Multivariate Bayesian Last Layer for Regression with Uncertainty Quantification and Decomposition
Han Wang, Eiji Kawasaki, Guillaume Damblin, Geoffrey Daniel
TL;DR
This work develops Multivariate Bayesian Last Layer (MBLL) models for regression with heteroscedastic noise, providing closed-form posterior predictive expressions and explicit decomposition of uncertainty into aleatoric and epistemic components. By decoupling feature learning from Bayesian last-layer inference, MBLL enables single-pass uncertainty quantification and extends to matrix-variate and matrix-T regimes to handle unknown noise covariance.
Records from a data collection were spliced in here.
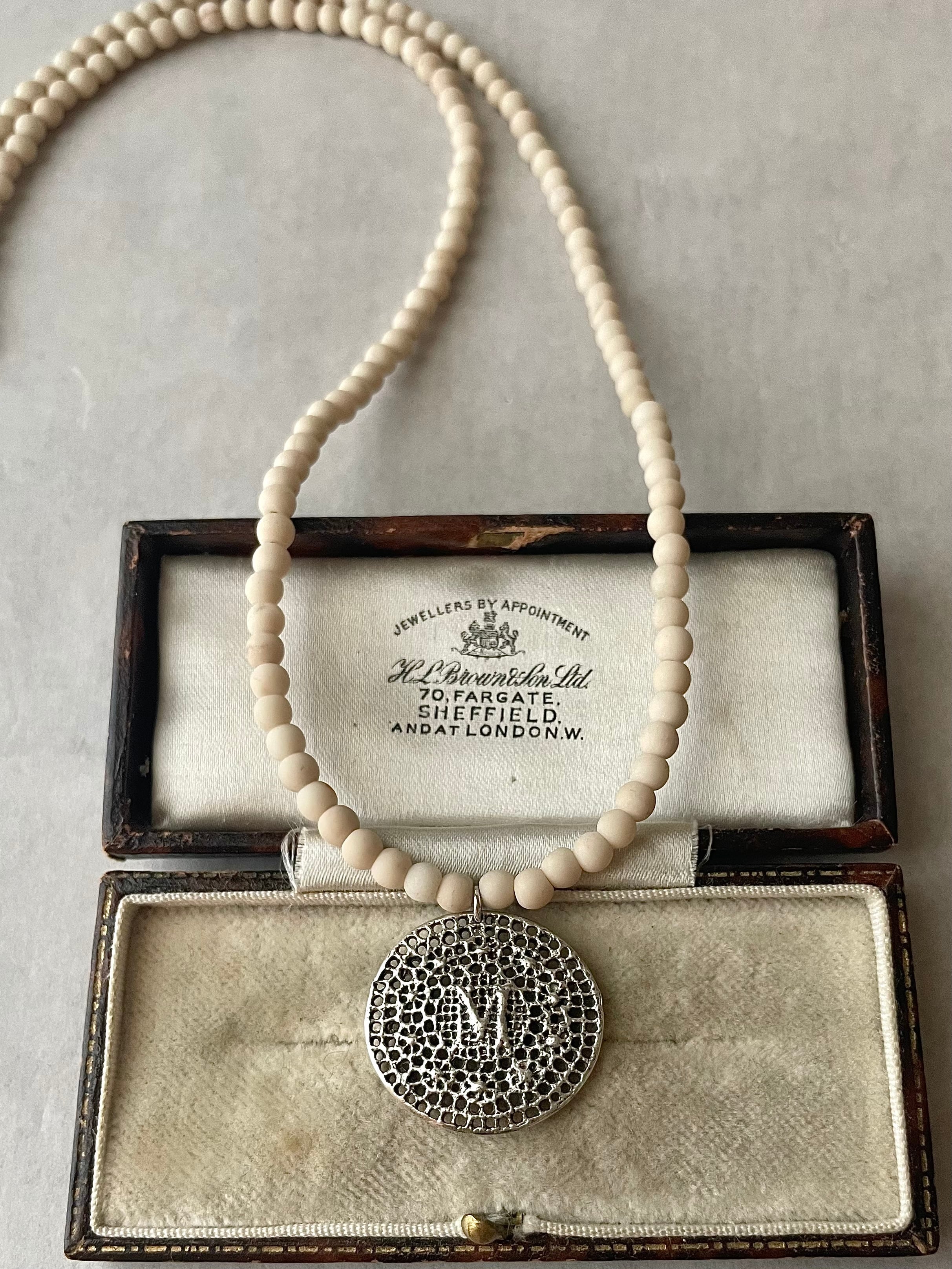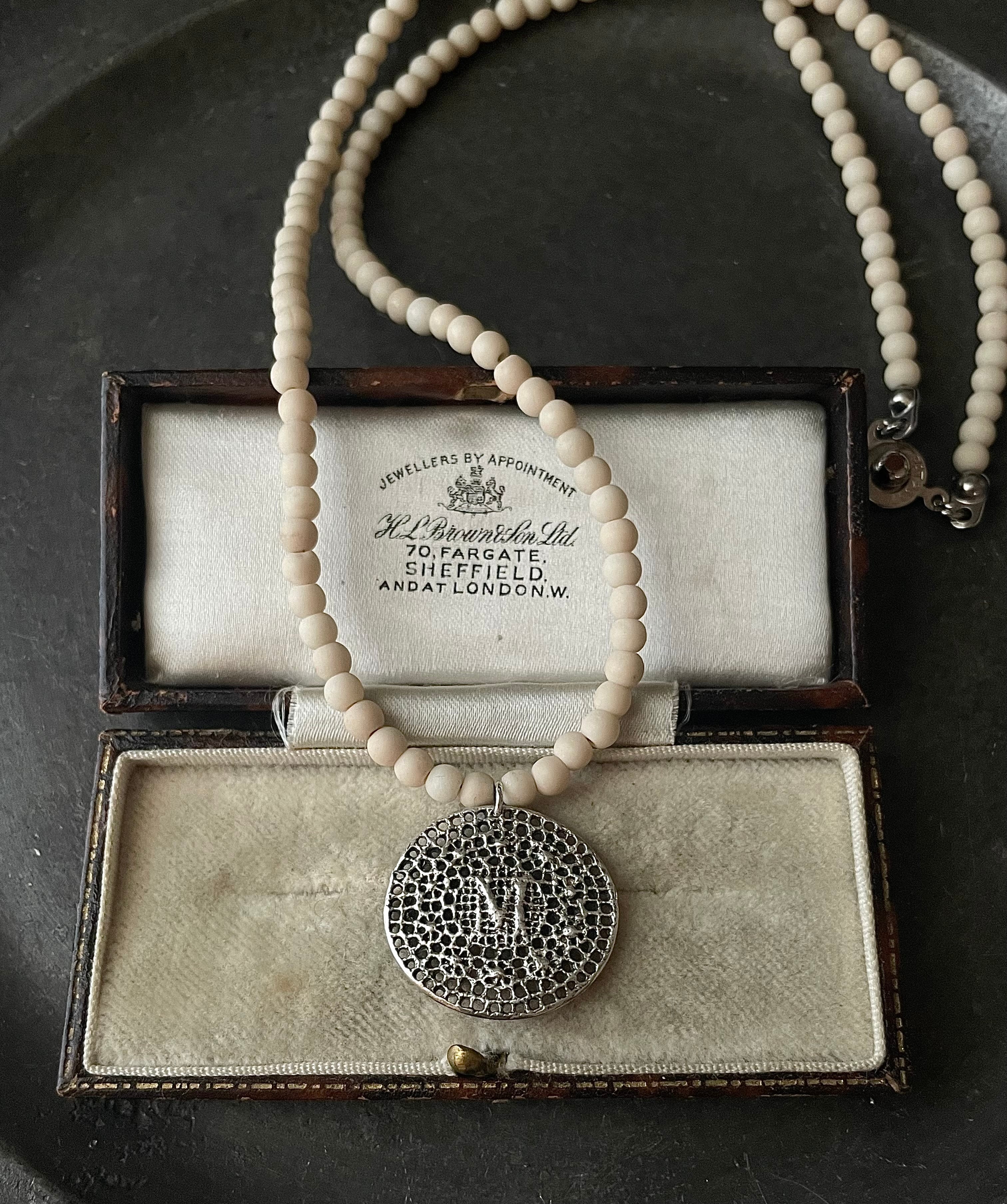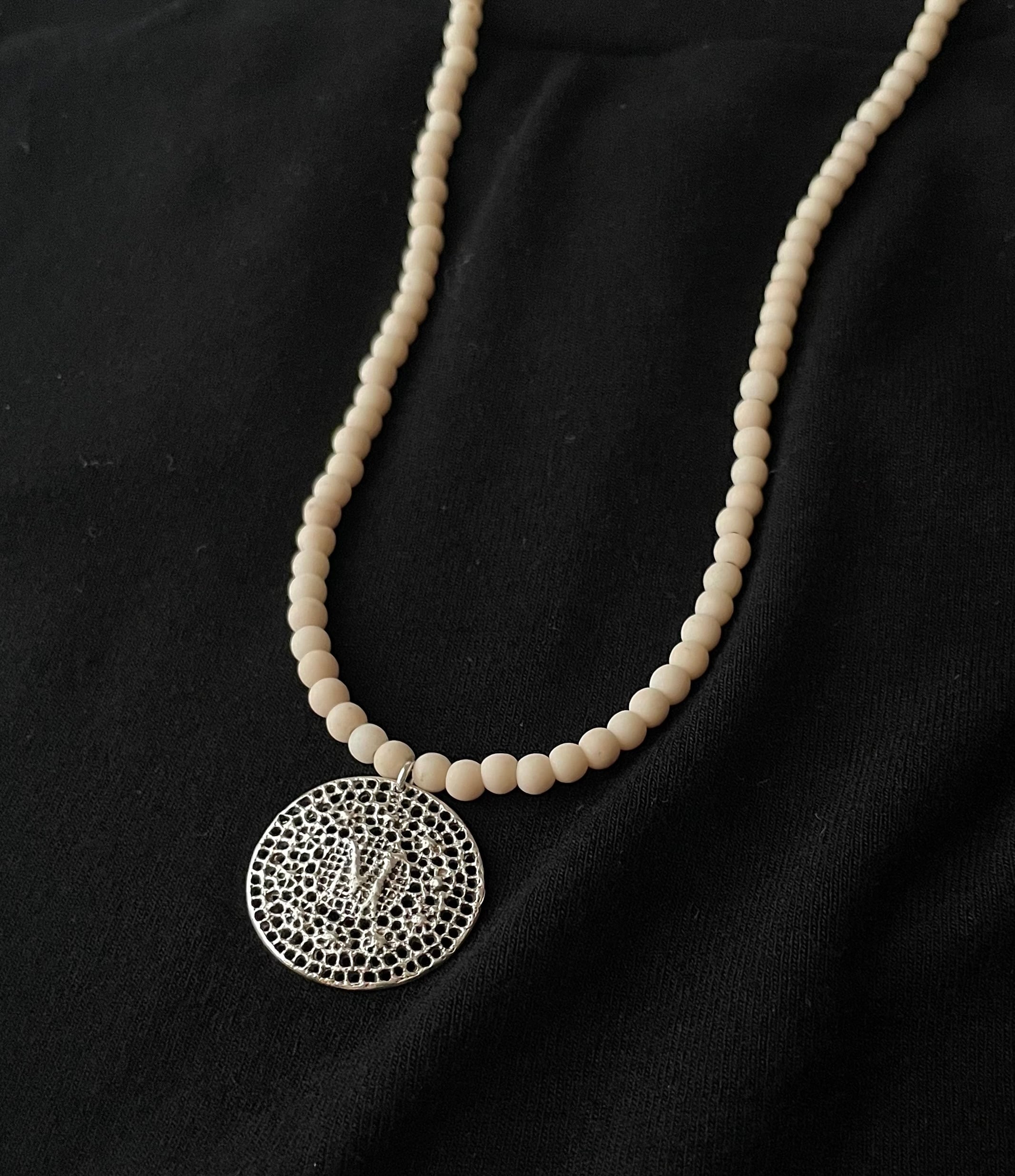 艶消しのリバースストーンとアンティーク仕上げの刺繍メダルは落ち着いた上品な雰囲気のネックレスで大人のアイテムとしておすすめです。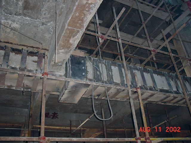 八一銀座大梁包角鋼加固處理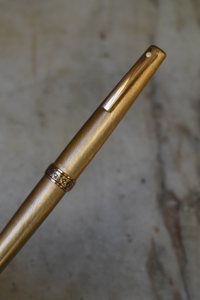 CHARMANT STYLO PLUME SHEAFFER LADY EN METAL BROSSE – PLUME EN OR MASSIF 18 CARATS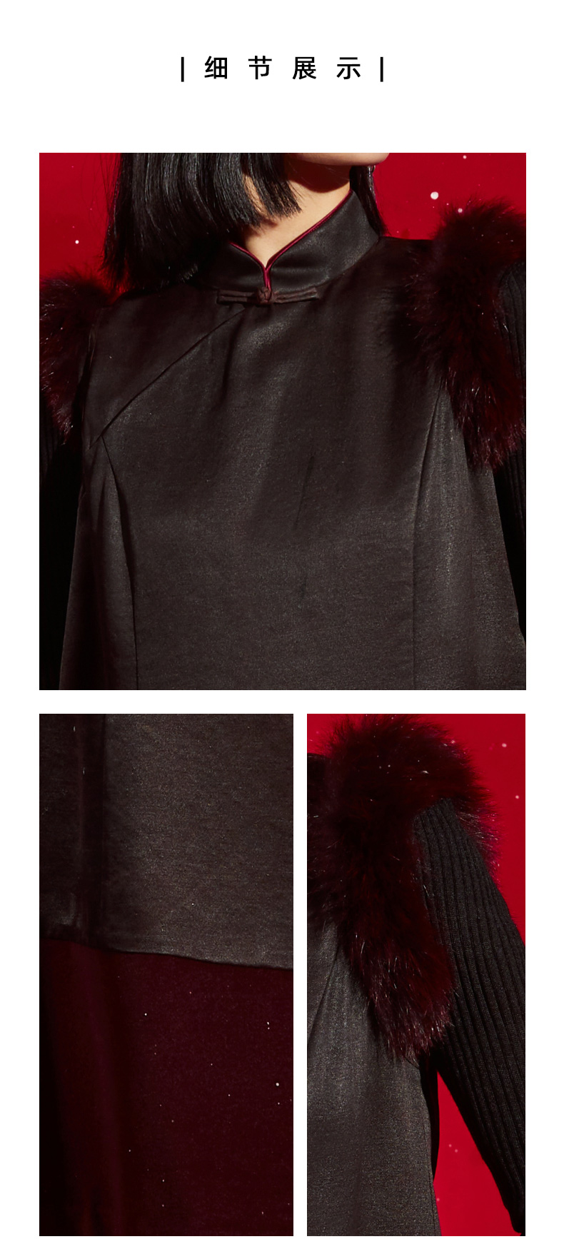 TANGY Collection/天意精品秋冬新品丝毛拼接国风立领旗袍连衣裙 商品图3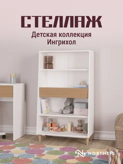 Стеллаж для игрушек и книг в детскую напольный с ящиком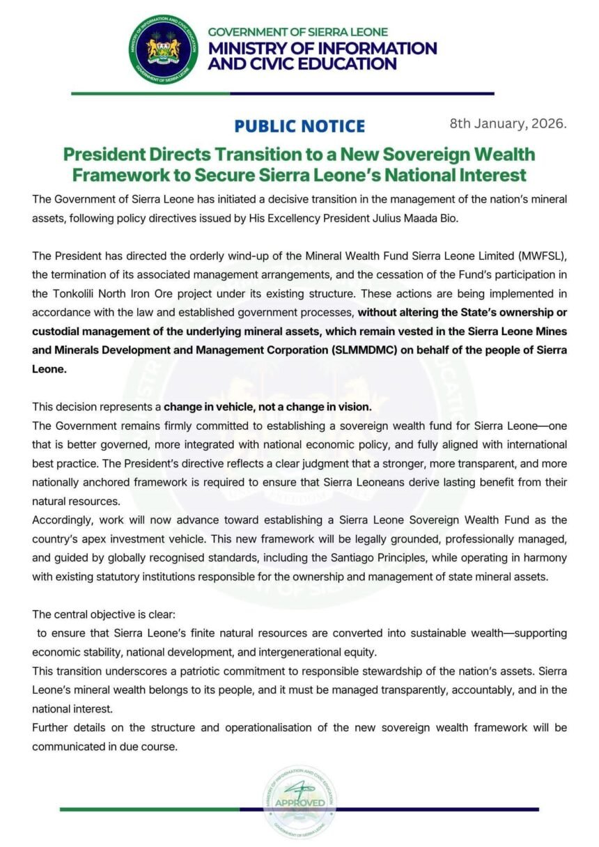 President Julius Maada Bio has directed a major restructuring of how Sierra Leone manages its mineral wealth, ordering the wind-up of the Mineral Wealth Fund Sierra Leone Limited (MWFSL) and its withdrawal from the Tonkolili North Iron Ore project under the current arrangement.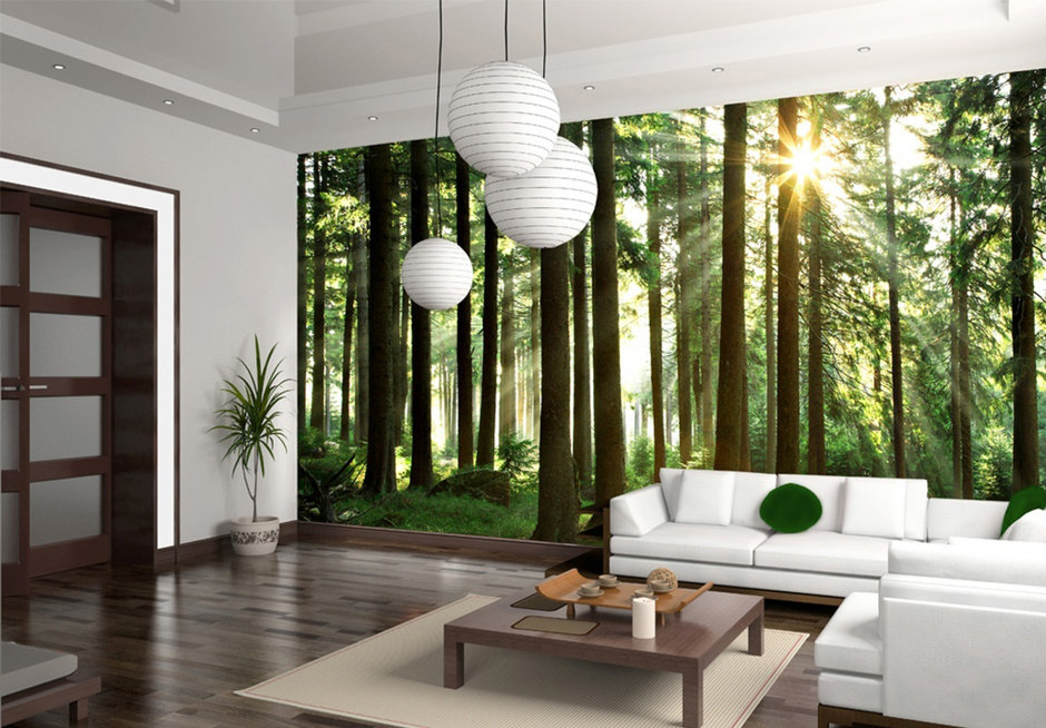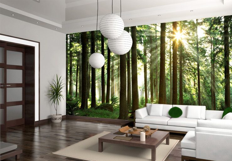 Не стоит декорировать оклеенную фотообоями стену картинами, вешать на нее телевизор или полки. В противном случаее вы лишь нарушите восприятие изображения и перегрузите интерьер. Все эти предметы всегда лучше расположить на стенах сбоку.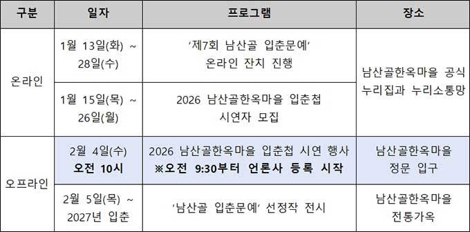 ❍ 때 : 2026년 2월 4일(수) 10:00~10:20 ❍ 곳 : 남산골한옥마을 정문 입구 및 온라인 ❍ 프로그램 : 입춘첩 부착 시연, 달력 나눔, 남산골 입춘문예 ❍ 주 최 : 서울특별시 ❍ 주 관 : 남산골한옥마을, (주)쥬스컴퍼니(남산골한옥마을) ❍ 문 의 : 남산골한옥마을 홈페이지 www.hanokmaeul.co.kr 02)6358-5533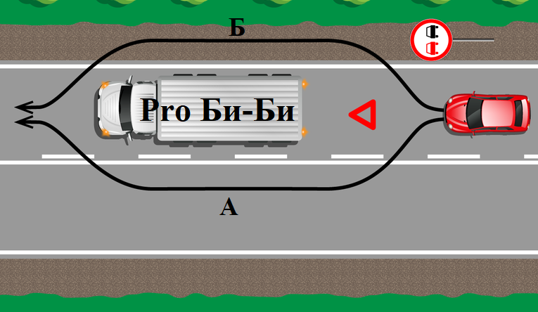 Давайте анализировать и запоминать. Важно, что если машина не движется, то это не обгон, а объезд. Поэтому смело можно использовать прерывистую линию по вашей стороне пути, то есть траекторию «А». А вот объезд по обочине (траектория «Б») сулит вам штраф в 1500 ₽.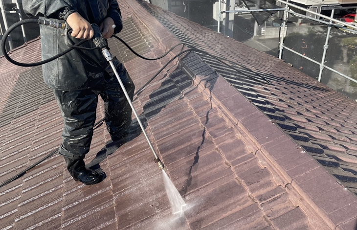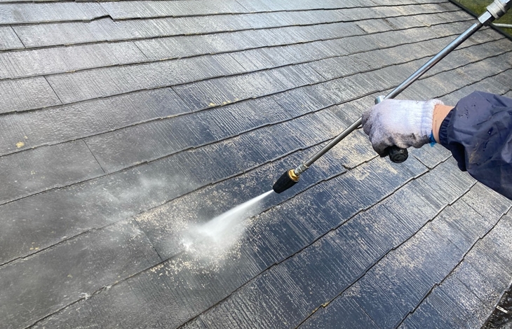 次に、高圧洗浄で屋根材に付着したコケ、カビ、古い塗膜や汚れを徹底的に洗い流します。この下準備が不十分だと、新しい塗料が剥がれやすくなるため、非常に重要な工程です。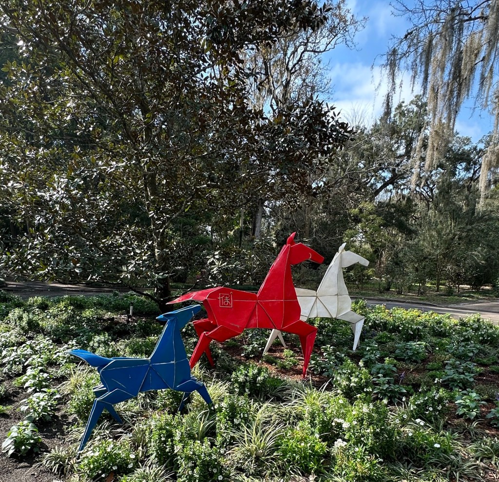This morning, Ken and I visited Leu Gardens, the botanical garden in Orlando. We love visiting botanical gardens when we travel, and we’ve been to Leu Gardens numerous times. We wanted to go because the camellias are in bloom. Camellias don’t grow in South Florida, so it’s always a treat to see them here. A bonus was the fact that the art installation Origami in the Garden just opened this week. These statues had been At Mounts Botanical Garden, where I volunteer, last winter, so I had seen them. But that was when Ken was dealing with the medical issue, so this was his first opportunity to see it.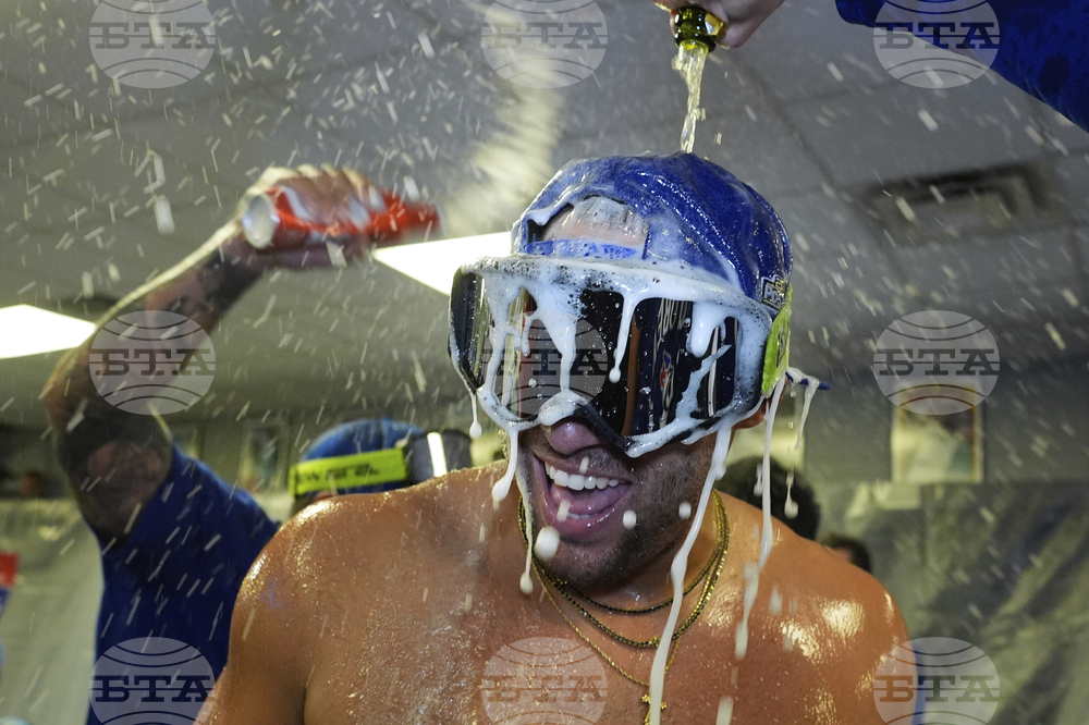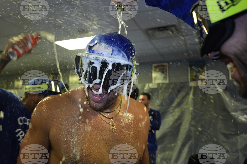 Toronto Blue Jays' George Springer celebrates with teammates in the clubhouse after their baseball game against the Kansas City Royals, Sunday, Sept. 21, 2025, in Kansas City, Mo. (AP Photo/Charlie Riedel)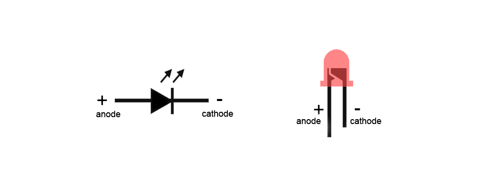 LED stands for light emitting diode, and diodes are devices that have a polarity. The positive terminal is called the anode, and the negative terminal is called the cathode. The short leg is the cathode, and the long leg is the anode. But don't worry: if you wire up an LED correctly and just get the polarity wrong, nothing happens. It just won't glow. In that case just switch the plus and minus cables and then everything will be alright. But don't forget the current limiting resistor that we will talk about next!

The authors introduce an evidential framework for hyperparameter learning and an EM algorithm that stabilizes training, supports transfer learning, and yields principled uncertainty estimates. They also analyze the theoretical properties of the framework, including degeneracy in the unregularized evidence objective and conditions under which it is avoided with regularization, and demonstrate practical performance through synthetic and real-data experiments, including transfer-learning scenarios and time-series forecasting. Overall, MBLL provides a scalable, uncertainty-aware extension to deep networks with principled uncertainty decomposition, offering a pathway to robust deployment in multivariate and heteroscedastic settings.
Abstract
We present new Bayesian Last Layer neural network models in the setting of multivariate regression under heteroscedastic noise, and propose EM algorithms for parameter learning. Bayesian modeling of a neural network's final layer has the attractive property of uncertainty quantification with a single forward pass. The proposed framework is capable of disentangling the aleatoric and epistemic uncertainty, and can be used to enhance a canonically trained deep neural network with uncertainty-aware capabilities.